Ugandan Boxers Remember Ali
June 7, 2016
By Abdul-Nasser Ssemugabi*
Kampala — Billions will on Friday watch the funeral of Muhammad Ali in the fallen icon’s home city of Louisville, Kentucky, with ex-American President Bill Clinton expected to deliver a eulogy.
The three-time World Heavyweight champion’s effect as The Greatest reached every corner of the world. Ali died aged 74 after a 32-year battle with Parkinson’s disease. Uganda was not spared his charm as some of our boxing fraternity recollect.
John ‘the Beast’ Mugabi (Olympic silver medallist and former world champion)
I have never seen a boxer as determined as Ali. He did not fear any opponent, even those who were ranked superior to him. I have watched many of his fights and I believe he was such a gift from heaven and I tried to follow his style.
As I went to the ring to face Haggler (Marvin) in that hell of a fight, he patted my back and he told me ‘Come on John, you are not here by surprise, you are strong and good enough, you’ve gotta show it… “
His words always echoed in my mind, and whenever I felt exhausted, I fought on.
Vicky Byarugaba (Former boxer, administrator and coach KCCA Boxing Club)
Ali revolutionised boxing and took it to another level. Especially from the time he became a world champion just for years after winning gold at the Olympics… everyone wanted to be at their best…
He was the inspiration to all aspiring boxers, even those of us from the remote areas like Kilembe; we loved everything about his style: the movement, the bragging and flexibility…
If he had not had health problems, he would have helped the game even more by visiting gyms across the world and giving lectures on boxing–you know he was not the sit-down-and-do-nothing kind.
Any weaknesses? It’s hard to see his weakness… he conceded many body punches but he knew how to move away… I have been watching his fights since his death and I’m very impressed.
Dick Katende (Former professional and national team coach)
Ali was exceptional… there will never be another Ali.
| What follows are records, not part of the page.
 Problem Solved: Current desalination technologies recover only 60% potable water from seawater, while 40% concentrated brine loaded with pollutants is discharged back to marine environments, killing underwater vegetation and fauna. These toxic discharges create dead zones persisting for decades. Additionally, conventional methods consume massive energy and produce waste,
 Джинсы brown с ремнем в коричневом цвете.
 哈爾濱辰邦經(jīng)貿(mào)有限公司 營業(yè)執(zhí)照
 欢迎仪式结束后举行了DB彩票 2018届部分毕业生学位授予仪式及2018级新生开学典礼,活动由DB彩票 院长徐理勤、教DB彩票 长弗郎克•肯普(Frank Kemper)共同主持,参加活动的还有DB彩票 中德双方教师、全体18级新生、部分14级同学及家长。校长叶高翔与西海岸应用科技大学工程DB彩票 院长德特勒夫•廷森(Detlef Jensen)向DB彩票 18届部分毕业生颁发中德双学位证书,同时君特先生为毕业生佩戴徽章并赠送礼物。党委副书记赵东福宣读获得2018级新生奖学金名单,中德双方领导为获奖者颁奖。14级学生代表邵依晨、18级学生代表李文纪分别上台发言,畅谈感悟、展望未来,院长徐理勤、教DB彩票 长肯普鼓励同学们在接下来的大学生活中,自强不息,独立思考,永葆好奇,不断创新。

He could do everything in the ring but he got all his experiments right. He could come without guards–anyone would be hit–but Ali was comfortable. He could taunt you and beat you psychologically before you went to the ring.
I grew up idolising Ali. My dad was a boxing fan but he never let us watch boxing but on the day Ali fought Cleveland Williams (1966), he took us to Naguru Community Centre where there was a community television.
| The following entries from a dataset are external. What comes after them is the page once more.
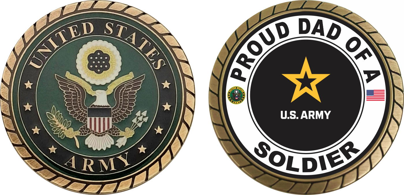 This 1 3/4” Proud Dad of a Soldier U.S. Army Challenge Coin is proudly offered by MilitaryBest. This Officially Licensed Army coin has beautiful enamel finish on one side and an organized crisp clean Proud Dad of a Soldier U.S. Army design on the opposite side.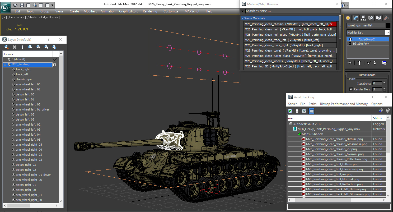 M26 Heavy Tank Pershing Rigged is fully rigged and is ready to be animated. You can easily position it the way you need or animate it the way your project requires using helpers in 3D Studio Max. See the turntable to get an idea of how rigging works.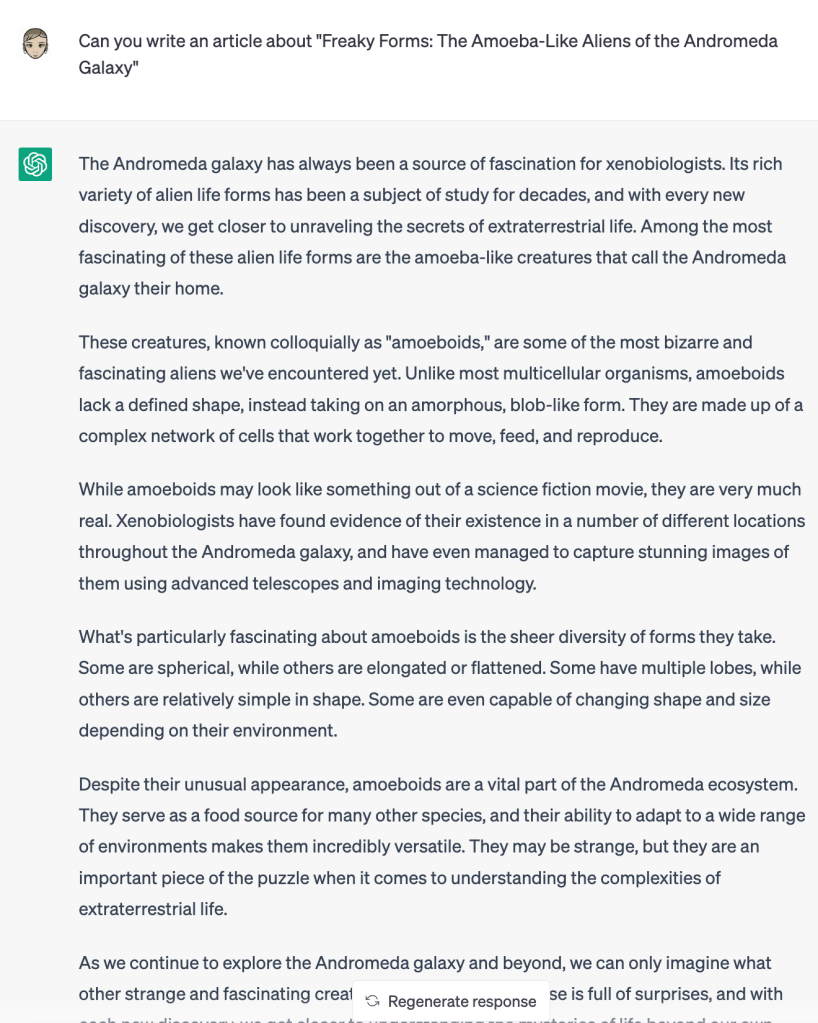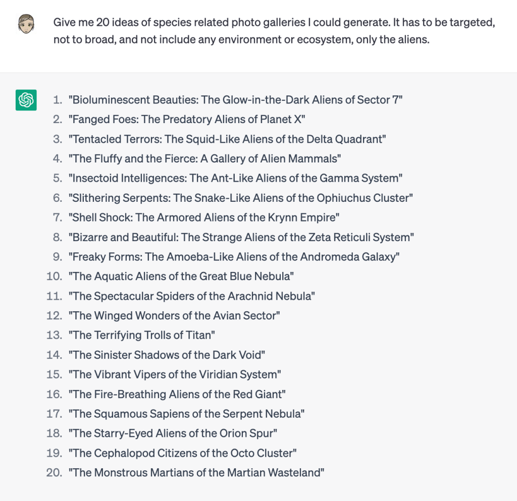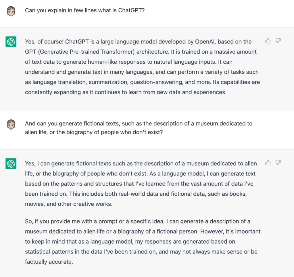 As a writer, it was extremely hard to not intervene and write the texts myself! But the whole point of this project was to have ALL the content generated by artificial intelligence. So, what is ChatGPT? Let’s ask to ChatGPT itself!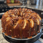 A moist, spiced apple cake loaded with toasted pecans and topped with a luscious caramel glaze. This comforting dessert combines the warmth of cinnamon apples with the rich sweetness of homemade caramel — perfect for fall gatherings or cozy weekends.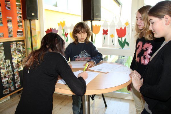 Anschließend stellte Schulleiterin Helga Gradl Grundzüge der der Satzung der Schülergenossenschaft „Der grüne Daumen“ der Mittelschule Ensdorf vor. Diese wurde von den Gründungsmitgliedern einstimmig angenommen und durch ihre Unterschriften bestätigt.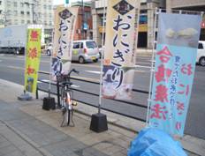 営業時間 10:00〜19:00、定休日 日曜、祝日。 おにぎりメニューは、塩110円、わかめ120円、梅140円、雑穀・高菜・ツナマヨ・塩鮭・昆布150円、カモねぎ160円、海老天・明太子・明太マヨ170円と豊富。 おにぎり以外には唐揚げ200円もある。近々、草野農園で栽培したお米・ベビーリーフも販売予定。 P説1 大阪のおにぎり店で修行も済ませ、「味も素材も腕にも自信があります」と話す店長の草野拓志さん P説2 道路沿いの幟が目印 P説3 たくさんのメニューがあります |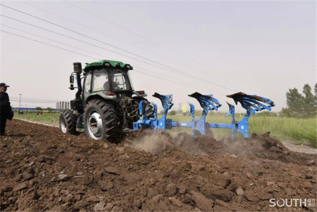 在北斗+农机的助力下,小麦抢收获得了成功。冬小麦收割正值六月,这时阳光充足,水热丰富,适合套种一些豆类、蔬菜、经济作物等。套种前就需要给土壤做一套深度“按摩”,也就是土地深松。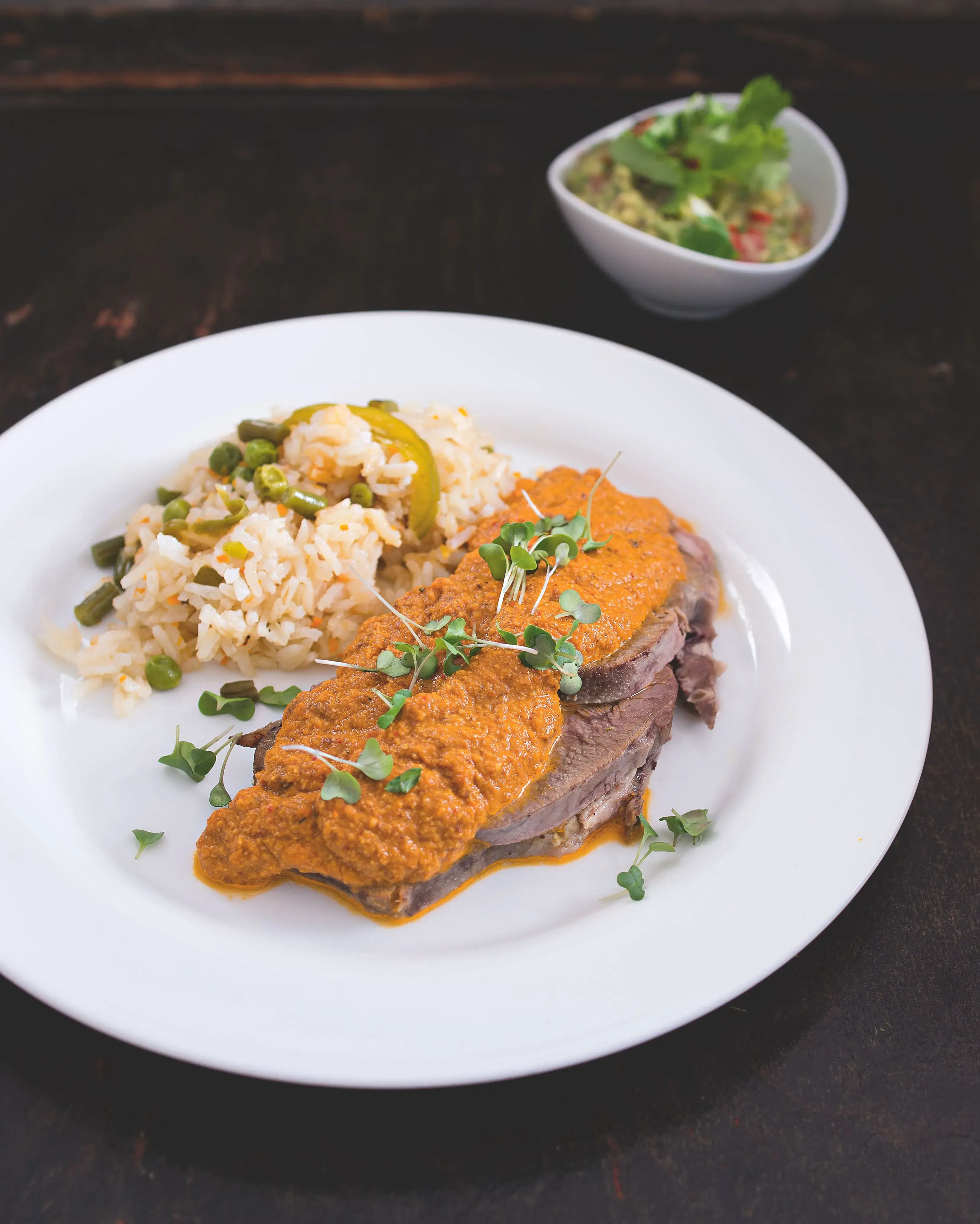 Jednoduchá chuť omáčky a skvělé jemné maso... Vlastně na tom nic není, ale chutná to absolutně skvěle! Ze všeho nejdřív dejte vařit hovězí jazyk, abyste získali vývar potřebný pro přípravu mandlové omáčky. Jazyk a omáčku doplňte barevnou rýží.

Ali had a somewhat weak jaw, for left hooks, like the one against Henry Cooper but he could bounce back. He was also an advocate for equal rights. I will miss him.
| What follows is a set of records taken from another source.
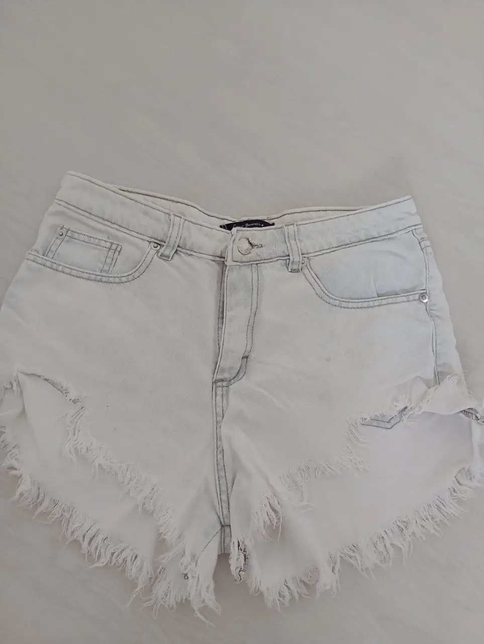 Short de jean blanco con detalles desflecados. Ideal para un look casual y fresco.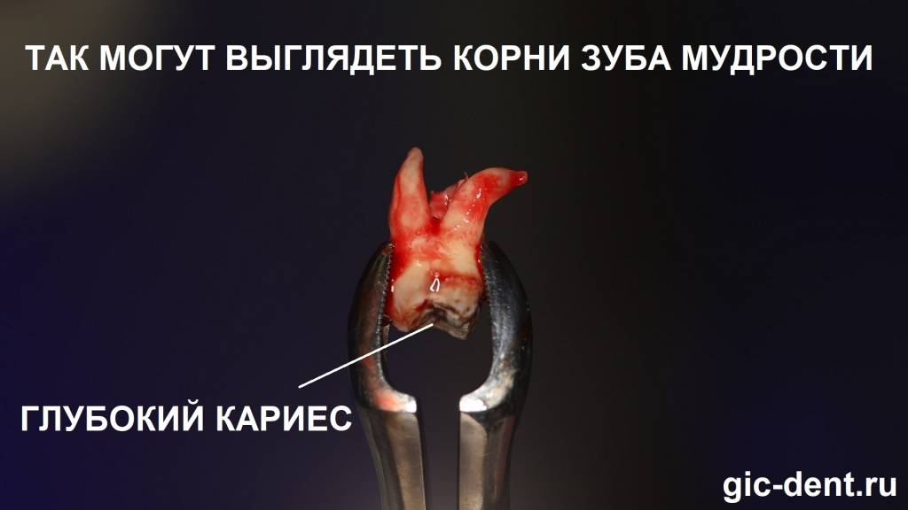 Бывают ли какие-то сложности при удалении корней зубов мудрости? Удаление корней у зубов мудрости подразумевает наличие достаточного опыта у хирурга. Зачастую корни этих третьих моляров (зубы мудрости) располагаются близко к нижнечелюстному каналу. Часто корни моляров примыкают к верхней или боковой стенке нижнечелюстного канала. Конфигурация корней зуба мудрости крайне разнообразна и порой крайне сложна для удаления: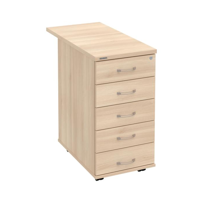 Kontajnery - všetko uložené a vždy poruke. Kontajnery sa väčšinou umiestňujú pod stoly. Mobilné modely sú vybavené kolieskami, je možné ich premiestniť podľa potreby. Základným materiálom korpusov je kvalitná laminovaná drevotriesková doska hrúbky 18 mm. Pre dlhšiu životnosť je na horný diel korpusu použitá doska, ktorej hrúbka je 25 mm. Korpusy a čelá zásuviek sú chránené proti poškodeniu hranou ABS 2 mm. Horná doska ma hĺbku 80 cm. Kontajnery sú vybavené zámkom s centrálnym zamykaním. Vďaka integrovanému systému STOP-CONTROL s centrálnym zámkom u väčšiny kontajnerov sa nemusíte báť prevrhnutiu kontajnera alebo prípadného privretia ruky. Systém zaručí, že pri otvorení jednej zásuvky sa ostatné zásuvky automaticky zablokujú. Zásuvky sú z plastu, ktorý je ľahko umývateľný a vhodný pre jednoduchú údržbu. Praktickou súčasťou vrchnej zásuvky je prehľadný organizér a priestorové deliace priečky. Vaše ceruzky, sponky a ďalšie kancelárske potreby budú vždy na poriadku. Organizér a deliace priečky sú súčasťou každého kontajnera. Na kontajnery Hobis sa vzťahuje päťročná záruka.
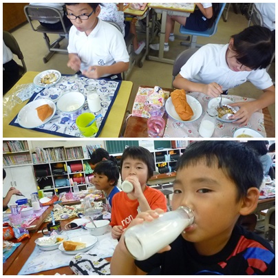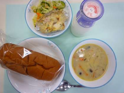 今日の給食は、あいちの米粉パン、豆乳スープ、鮭のコーンマヨネーズ焼き、ミニフレンチサラダ、牛乳でした。鮭のコーンマヨネーズ焼きは学校のオーブンで焼きました。鮭は岩手県で水揚げされたものです。クリームコーンとよくからんで、おいしかったです。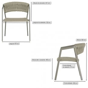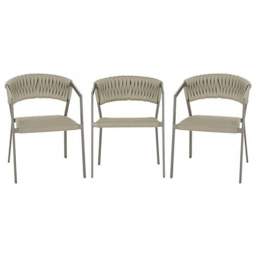 3 Cadeiras Atenas Tricô Náutico e Alumínio Edícula e Cozinha Trama - Bege
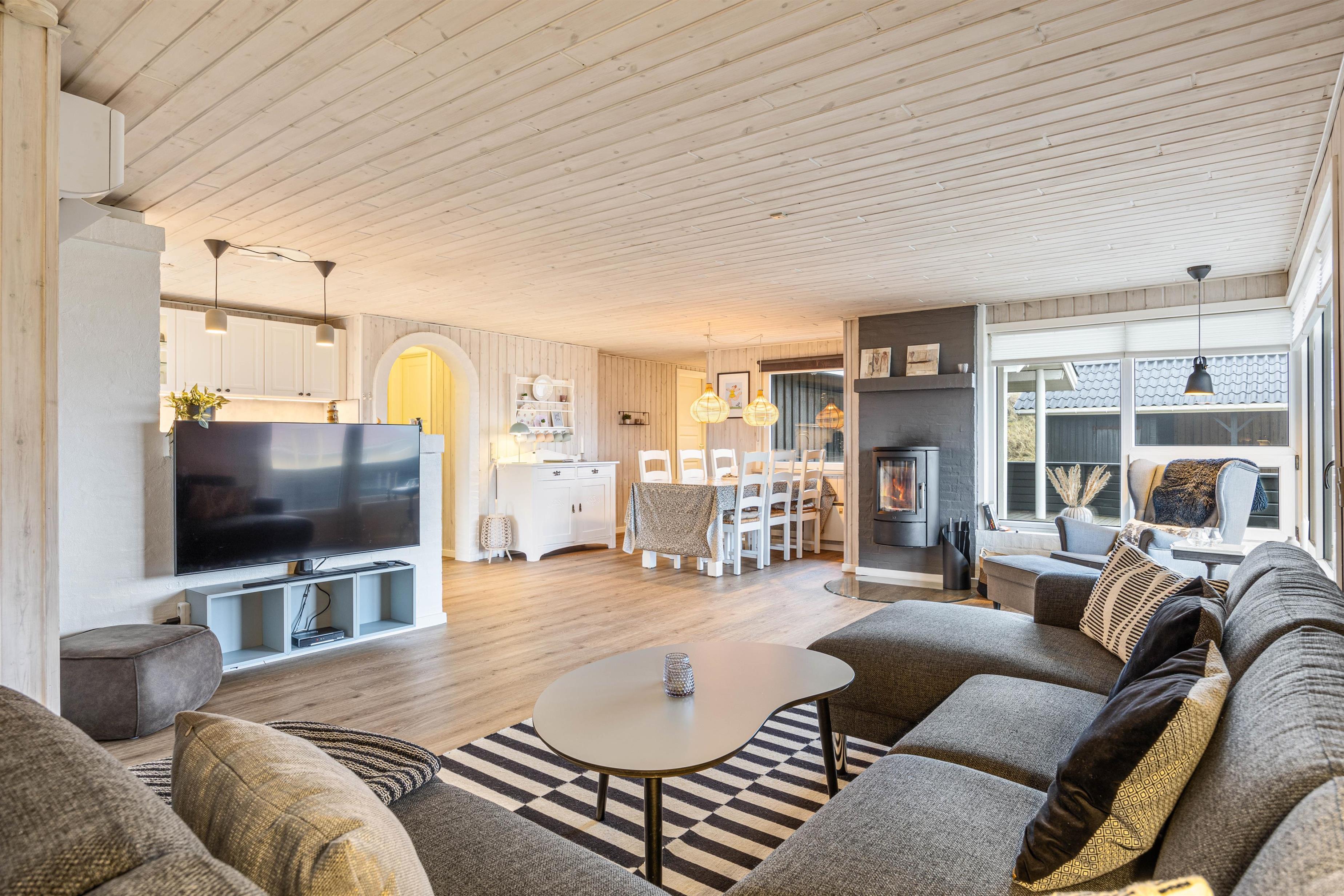 Hyggeafdelingen er ved brændeovnen, som på få timer varmer hele feriehuset op. Her står et par stole og magelige sofamøbler, som inviterer til afslapning og hygge. Sommerhuset er indrettet med 3 soverum, som alle er med dobbeltseng. Desuden er der både spabad og sauna, som sikrer wellness til krop og sjæl på alle tider af året.

Jackson Mugwanya (Secretary General, Uganda Professional Boxing Commission)
I think Ali inspired many people into boxing because he gave the sport unprecedented fame.
Most young people joined boxing because of him and many (like Mike Tyson) have become icons like him.
However, he was a bit complacent–he underestimated opponents and resisted many punches on the body and head, which is not good as such… you have to dodge a punch whenever you can. That will give you longevity.
Hassan Badru Zziwa (Journalist)
Ali was a boxer not a fighter. Unlike most boxers, Ali could not rely on guards; he could open up and make the game interesting. I was not a boxing fan per se but Ali’s fights were interesting to watch. His footwork and style was captivating. Even the way he marketed his fights could make you eager to watch him… it is what Golola (Moses) is trying to do.
Tom Kawere and Peter Grace (Kawere was coach of Uganda’s boxing team, Sseruwagi was a boxer)
We met Ali (then still Cassius Clay) at the 1960 Olympics in Rome. Ali told us ‘I hear Ugandans are good boxers. I need to do some sparring with some of you.’
Ali’s coach told him it was time to rest. Ali told him: ‘Am still talking to my Ugandan champs, sir.’ The coach just laughed and stayed around, chatting with Kawere.
Then Ali shook Sseruwagi’s hands. (Sseruwagi has monster hands). They arm-wrestled and Ali won. Not easily, though.
He commended Sseruwagi: ‘You are very strong and am sure you will knock them out.’ The rest is history.